Some new blood is entering the riffing ring!  Mike's wife Bridget Nelson is here, and MSTies will remember her under her maiden name of Bridget Jones from back in the MST days which has since become the title of a Renee Zellweger romantic comedy franchise.  As RiffTrax continued Bridget would team up with fellow lady MST castmate Mary Jo Pehl and start a series of must-see riffs by themselves.  But here it's her and her husband watching a TV show that a husband and wife would watch when it's the wife's turn to pick the program, so it's oddly fitting her first riff is this one.  Bridget even notes this might be the most "woman-y" show on television.  Say what you will about it's lady appeal, but it's hard to believe this show steals that crown from Sex and the City.

To be blunt, I wasn't really looking forward to this one.  I have zero interest in Grey's Anatomy and sitting through the episodes mostly confirms that it's very unlikely to be a bingewatch in my future.  And as much as I like Bridget I wasn't sure how entertaining a riff of this show could make it.  I don't know if it was low expectations but I actually found this riff pretty funny.  Bridget is certainly having a blast, as she gets into that whole girly sassy persona that one would get into while watching a show like this, where they're clearly addicted but can't stop shittalking.  There are also a lot of lines mocking TV melodrama in general, which is especially rousing if you remember the 2000's TV landscape.  

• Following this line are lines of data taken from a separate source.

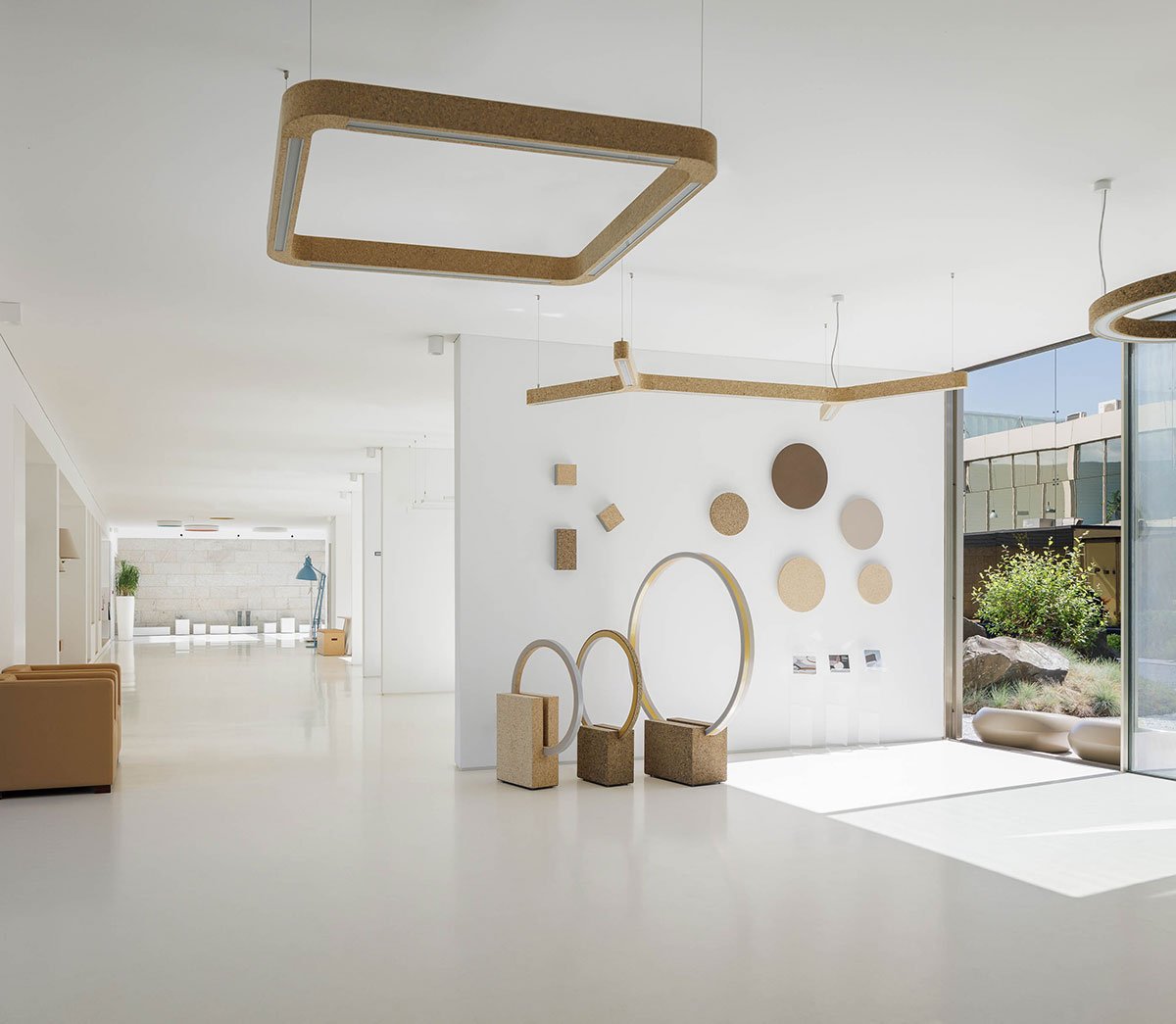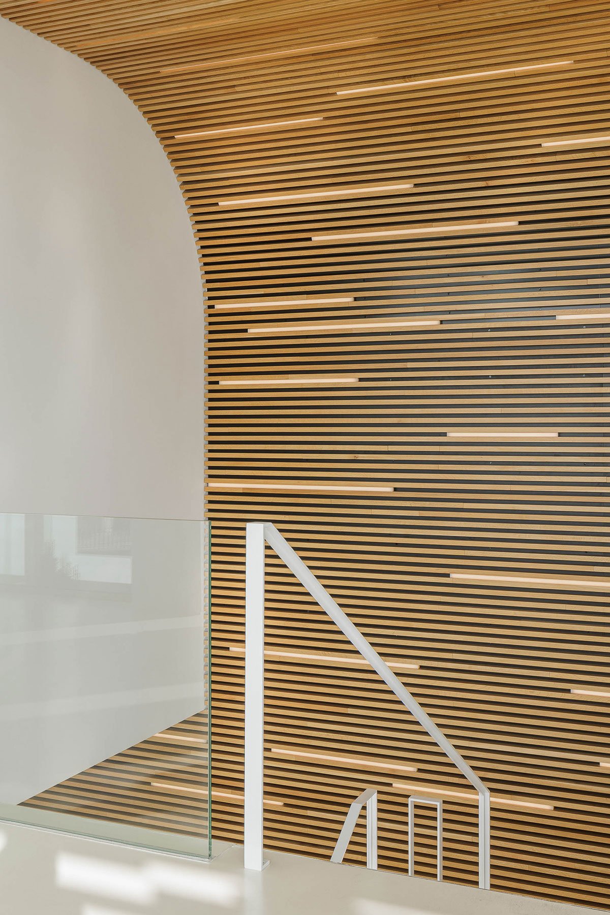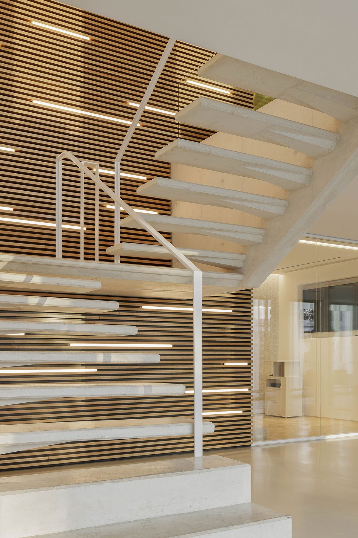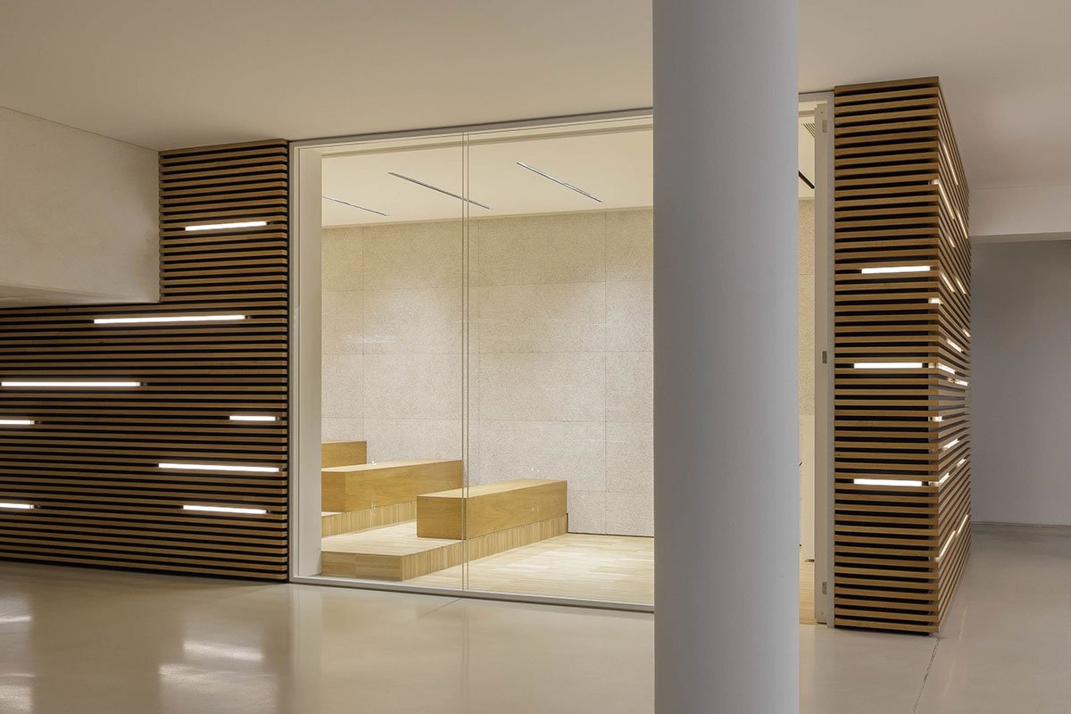 On the 1st floor, the showroom space was innovated and renewed with the introduction of new solutions for the display of lighting products manufactured and sold by this company, highlighting in the reception area the staircase leading to the 2nd floor, due to its differentiating shape in exposed white concrete and the horizontal wooden slat covering of the adjoining and continuous wall to the curved ceiling.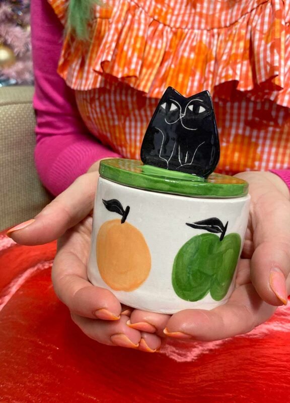 Black cat trinket dish with the lid by Anna Soba | £34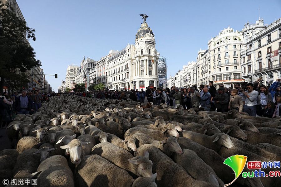 當(dāng)?shù)貢r(shí)間2018年10月21日,西班牙馬德里,西班牙牧羊人驅(qū)趕成百上千只綿羊穿越馬德里市街,展示古老的游牧習(xí)俗。這項(xiàng)活動(dòng)是為了捍衛(wèi)承襲自古代的“牧羊權(quán)”,并且抗議現(xiàn)代生活方式以及都市化,侵害牧民的權(quán)益。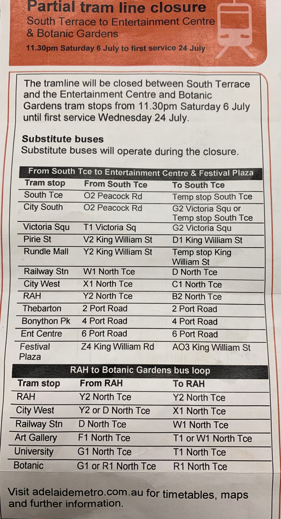 由于Tram停运三周, 今天早上, 阿德莱德CBD高峰时段的交通陷入了一场大混乱中! 提醒球迷们提前选择好出行方式,以免耽误了看比赛的心情。 希望这三周的不便和混乱可以快点过去, 安装了新轨道的T ...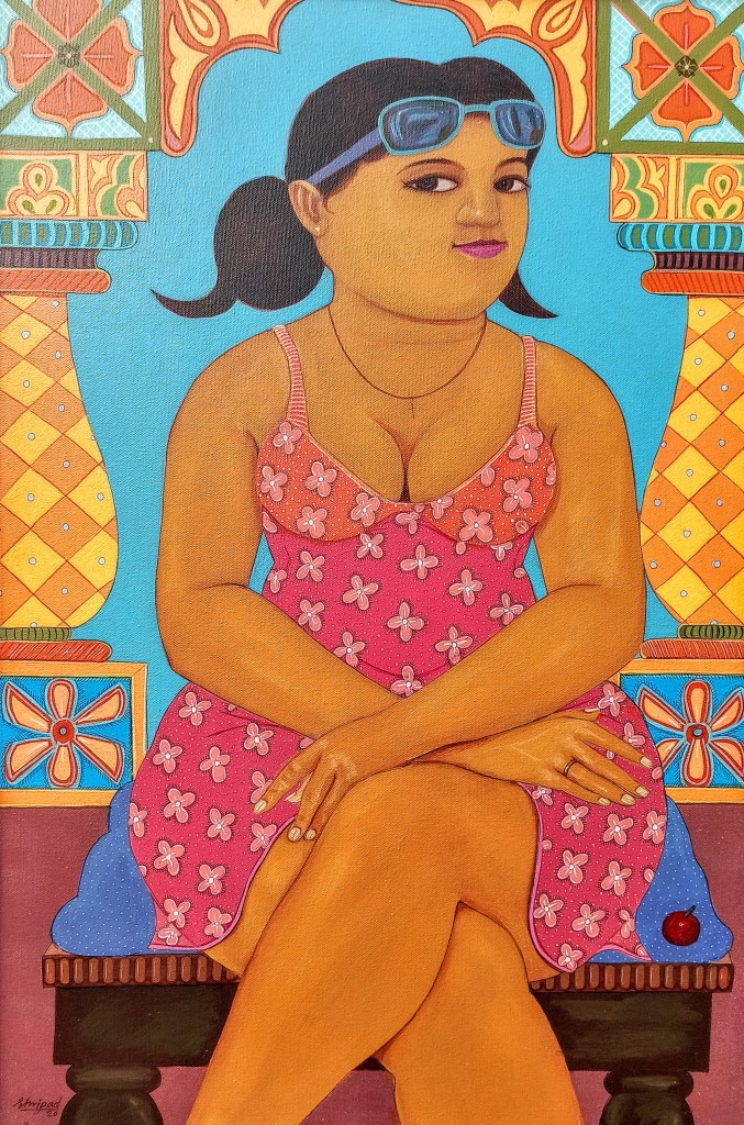 Life by the sea is omnipresent. Materials like shells or oysters are chosen as artistic means, scenes from current Goa life are selected – as if to once more reinforce the artists local origins. As scenes of chatting fisherwomen evolve into girls with fancy swimsuits and diving goggles – traditional styles of naïve painting with their bright and colorful tableaus are pursued further and continue to influence the Goa art scene.

"Hour 1?  I hope Jack can find the terrorist!"

The highlight of this is during the "Previously on Grey's Anatomy" segment in episode two, where Mike, Bridget, and Disembodio put on a little performance of "Previously on RiffTrax" which had me in stitches.  It's almost like a spiritual successor to the opening host segment of The Deadly Bees on MST3K ("Don't make me shoot you!  Croooooooow!").

The saucy nature of the sexual tensions on the show also come under fire.  Mike gives Patrick Dempsey a narcissism like no other, insisting that all bask in his handsomeness.  There are some shots taken at Meredith's slight fauning over Dempsey, and her reluctance to admit that she's attracted to this handsome dude she's already had sex with but is trying to ignore.  Bridget observes "I don't think she understands the concept of sleeping her way to the top."

It gets a little tiresome toward the end of the second episode.  Grey's Anatomy isn't really all that fun to sit down and watch more than one episode of in one sitting and the riff experience follows suit.  Luckily the Trax is split in two allowing one to watch the two episodes separately if one wishes.  I might do that in the future, to see if the second half holds up better without having already sat through forty minutes prior already.  Grey's Anatomy is a pretty fun one, though I'd confess it might just easily be skippable if the show isn't your bag.  It's not my bag either but I'm glad I gave it a chance.